By Rajesh Kumar
‘The Rear Window’ by Anupam Sud seems as an apt depiction of urban life that shows the public hush and rush in a city bus of Delhi, with emphasis on the human body. “Sinister and enigmatic, deceptive and irreal, these compositions also carry a subtle sense of humour, playfulness and even mischief. Anupam’s works are often presented in the style of a puzzle or a game.” comments Roobina Karode in her curatorial note for the exhibition ‘Between Vows & Words’. The show takes its title from an etching by Anupam Sud. In her note, Roobina views the artist’s dimly lit chiaroscuro-laden imagery as “a realm suspended between…theatric vows and broken words.” She justifies the title of the retrospective by declaring that the viewer “is expected to traverse the speculative terrain of interpretation, quite like the couple in Between Vows and Words (1995)—trapped in the twilight zone between the enunciations of promise and the terms of agreement unmoored and floating without syntax or meaning.”
When viewed from the perspective of an art lover, even the huge museum space of KNMA seems a bit too small to contain the variety and scale of artworks by Anupam Sud in the ongoing exhibition. The figures in the large canvases gaze back to the eyes of the viewer, with their eyes expressing doubt over their identity against the backdrop of various incidents from the past.
The exhibition displays works from various series by Anupam, such as the ‘Dialogue Series’ that shows human communication without any spoken words. This series comprises human figures in dialouges — sometimes disjunctive — with the backdrops of some key socio-political events of past decades, such as the 2008 terrorist attack and the birth of the first test tube baby. Other artworks in the show depict male and female sexualities, and the human predicament in an urban life.
Witnessing Anupam’s artworks from her long career span of five decades was quite an experience in and of itself. The voluminous and thoughtful output is a testament to the artist’s unwavering dedication towards her art practice. Her images strongly evokes many inner feelings and emotions in a viewer.

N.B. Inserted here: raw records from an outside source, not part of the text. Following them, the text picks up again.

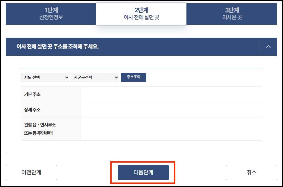 8. 2단계 : 이사 전에 살던 곳 주소 조회 및 이사 가는 사람 선택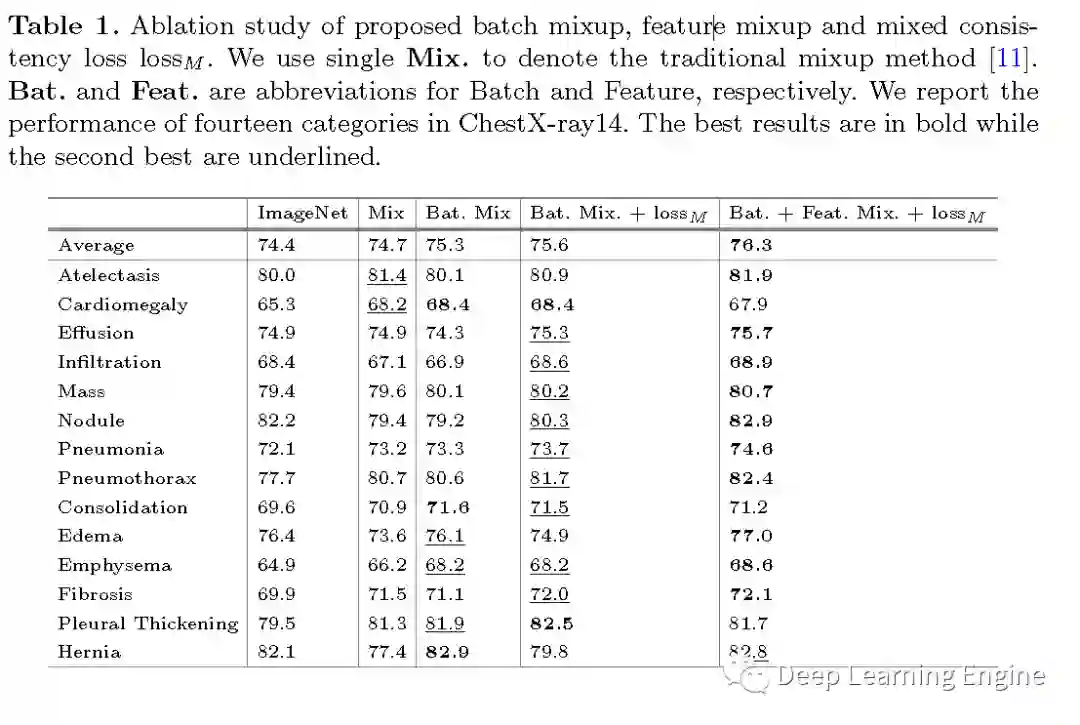 ChestXray14,MIMIC-CXR,CheXpert和MURA四种不带标签的约70万数据进行无监督预训练。只用了ChestX-ray14 进行消融实验以选择合适的超参数。
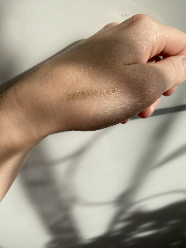 какой же шикарный хайлайтер, хватает маленького мазка кистью, чтоб сиять, нет крупных блесток, красивый оттенок, я очень довольна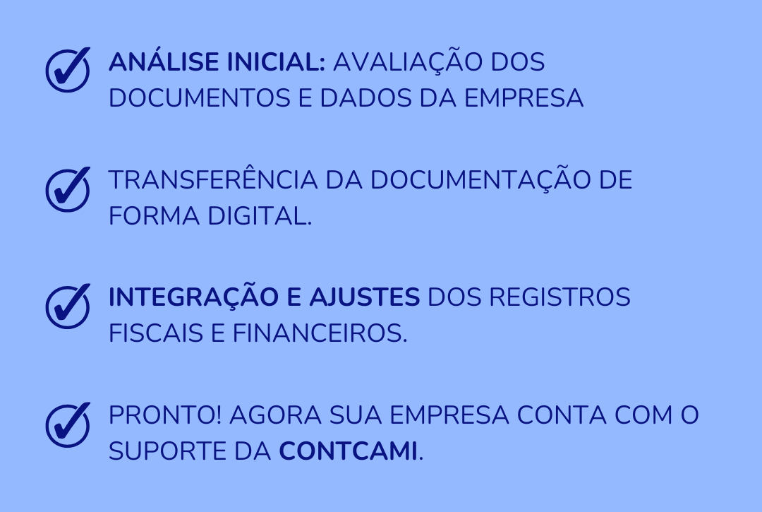 SE VOCÊ ESTÁ BUSCANDO UMA MUDANÇA DE CONTADOR, NOSSA EQUIPE GARANTE QUE A TRANSIÇÃO SEJA TRANQUILA, SEM INTERUPÇÕES NAS OBRIGAÇÕES FISCAIS DA SUA EMPRESA.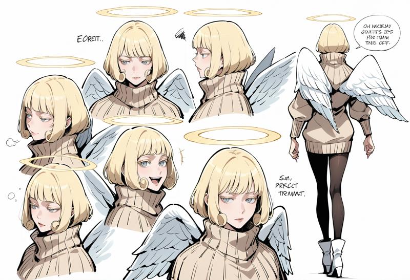翼, 天使, 天使の翼, 羽根の翼, 白い翼, パンティストッキング, ブーツ, セーター, 黒いパンティストッキング, 長袖, ハイネック, 白い靴, ハイヒール, アンクルブーツ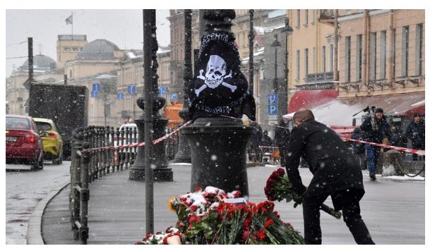 [Photo: A man lays flowers at a memorial for Russian military blogger Vladlen Tatarsky, who was killed in a bomb attack in Saint Petersburg.]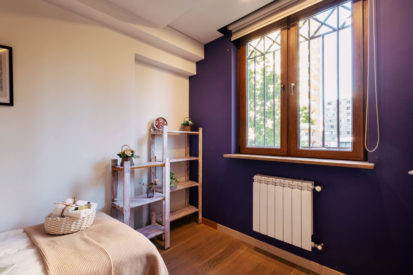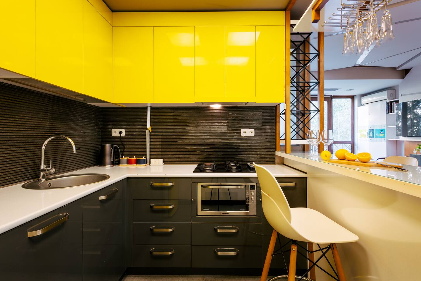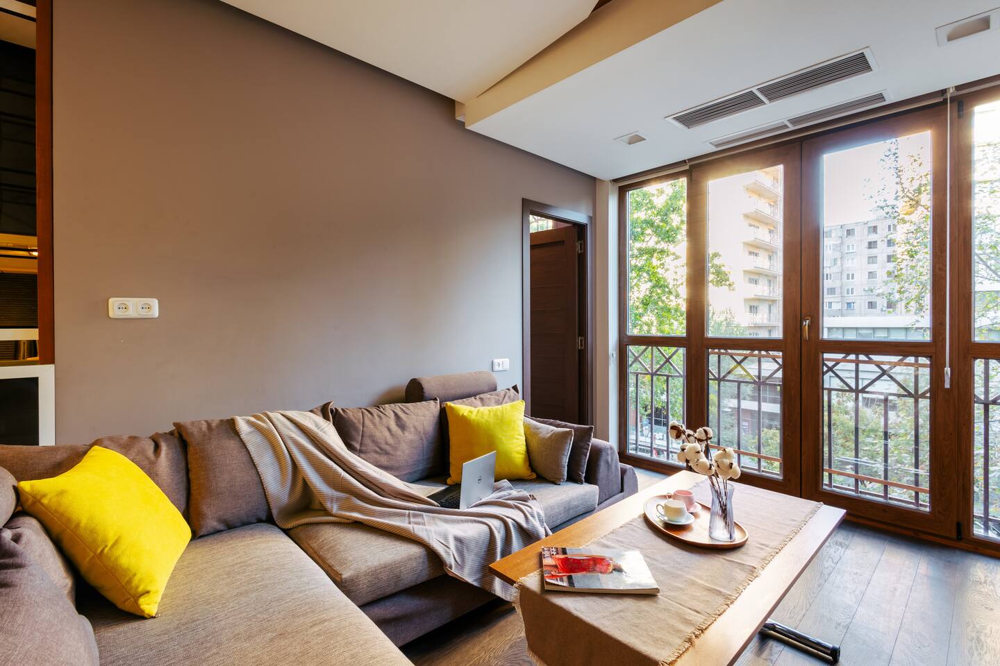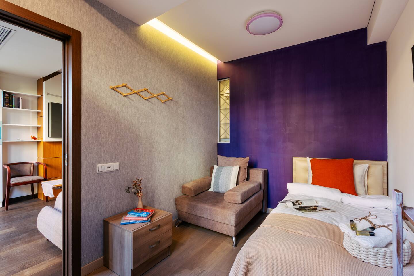 Welcome to Amber by Hotelise, a warm, inviting space in the heart of Yerevan’s vibrant center. Located at 10 Sayat Nova, this apartment combines a central location with a cozy peach and cream color scheme, just minutes from Swan Lake, the Opera Theatre, and Northern Avenue. With the city’s best cafes, art spots, and nightlife at your fingertips, Amber is the perfect base for exploring Yerevan. Living Room and Kitchen: Amber’s living area features a spacious L-shaped sofa, great for hanging out or watching TV, with an inviting French balcony that brings in natural light. The amber tones and wooden feature wall create a relaxed, warm atmosphere. The open kitchen is both functional and stylish, with cheerful yellow accents, a breakfast bar, and full amenities, including a dishwasher, microwave, kettle, and toaster. Bedroom 1: This room has a single bed and an armchair that opens up into an extra sleeping space. Roller blinds keep the light out when you need a quiet, restful sleep. Bedroom 2: A comfortable king-size bed with a quality mattress, top-to-bottom mirrored wardrobe, roller blinds, and a chest of drawers make this bedroom practical and inviting, with plenty of storage and tasteful decor. Bathroom: A full bathtub adds a rare touch of comfort, paired with high-quality tiles, strong water pressure, and a washing machine. There’s plenty of space for all your essentials. With its warm ambiance, central location, and thoughtful design, Amber offers a perfect blend of comfort and convenience for your Yerevan stay. At Hotelise, we’re committed to creating spaces that feel like home while adding a touch of style and charm.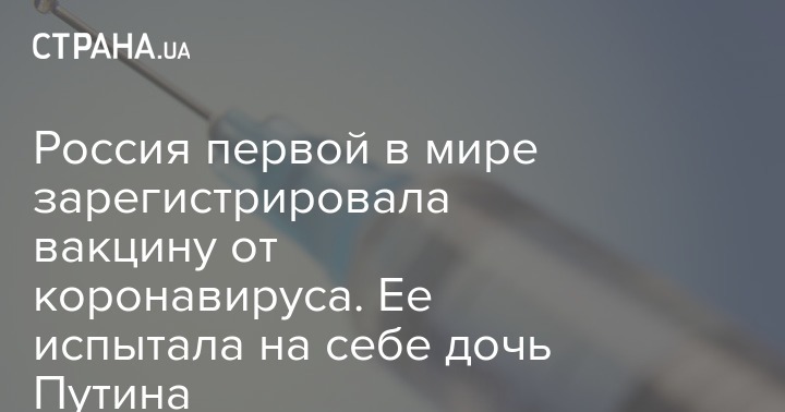 Россия первой в мире зарегистрировала вакцину от коронавируса. Ее испытала на себе дочь Путина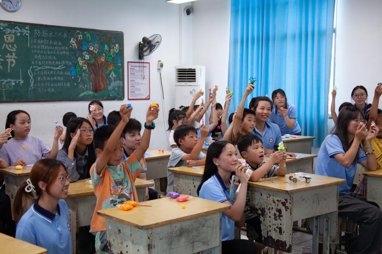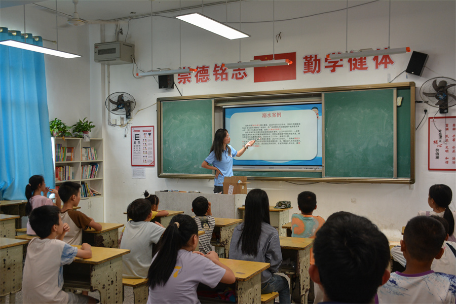 卢德铭小学的教室里,队员们为孩子们打造了一场防溺水“沉浸式课堂”。动画短片里,危险场景直观上演;憋气小游戏中,溺水窒息感真实可触;“击鼓传花”问答间,安全知识悄然入脑。孩子们跟着学跳防溺水儿歌手势舞,轻快旋律里,“六不准”化作灵动舞姿。当防溺水知识通过生动形式融入课堂,安全已不再是生硬的规则——这是用趣味与互动编织的生命防护网,让自我保护的意识在欢笑声中浸润童心,让“守护生命”的种子在乡村校园破土发芽。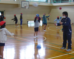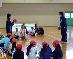 小学校の授業2コマ分を利用し、前半は「ゲームの時間」、後半は「トークの時間」。前半は体育館で行なわれ、夢先生の興津先生、アシスタントの山崎先生がジャージ姿で登場し、ボールを使ってのウォーミングアップや鬼ごっこを通じて、仲間と協力することや相手を思いやるこころ、フェアプレー精神の大切さを伝えました。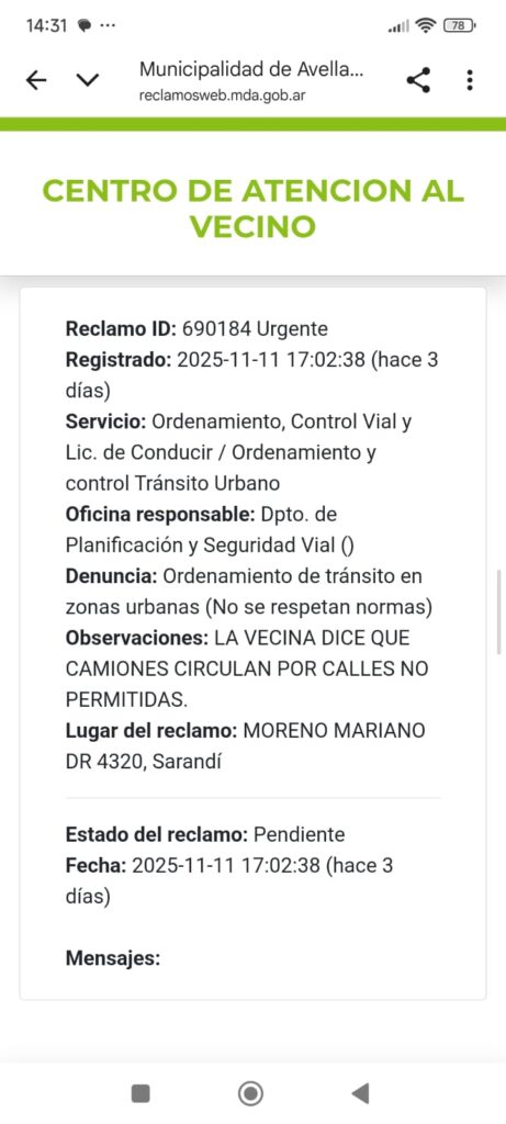 Los frentistas ya realizaron la denuncia correspondiente ante el 0800 municipal, pero hasta el momento no lograron una solución. También hablaron con el camionero y con el personal del depósito, pero aseguran que nadie presta atención y todo sigue igual.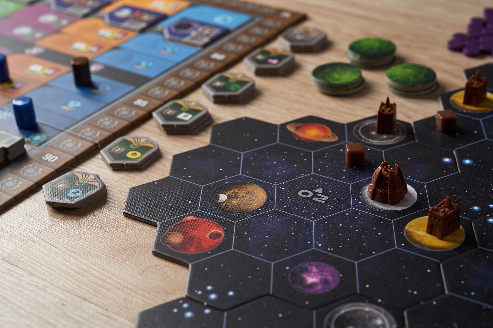 To begin, each player receives a unique alien race, represented by a faction board. The modular board tiles are arranged, and the technology tiles are randomly assigned to the nine spaces on the technology board. A random advanced technology is assigned to each technology track, two end-game scoring conditions are randomly chosen, one round-scoring bonus tile is randomly assigned to each round, and round boosters are randomly chosen based on the number of players. Players set their buildings on their individual faction boards, choose starting locations on the main board, and in reverse turn order choose a round booster for the first round. The first player begins.

Anupam has been an artist adept at the art of drawing, and her oeuvre is widely appreciated the world over for her printmaking works. The exhibit showcases her expertise in etching, through which she has deftly engaged with socially relevant themes and interrelation between males and females. The artist was a student in the Printmaking Department set up by another luminary of Indian Modern Art — Somnath Hore, and taught there as well for quite some time. In her printmaking practice, we not only see a brilliant artist skilfully depicting human life bordering on the existential, but we also get to witness the continuity and development of the art of printmaking in the country. Anupam Sud was the youngest member of Group 8 — an art group dedicated solely to printmaking, created in 1968 by Anupam’s college teacher and artist Jagmohan Chopra.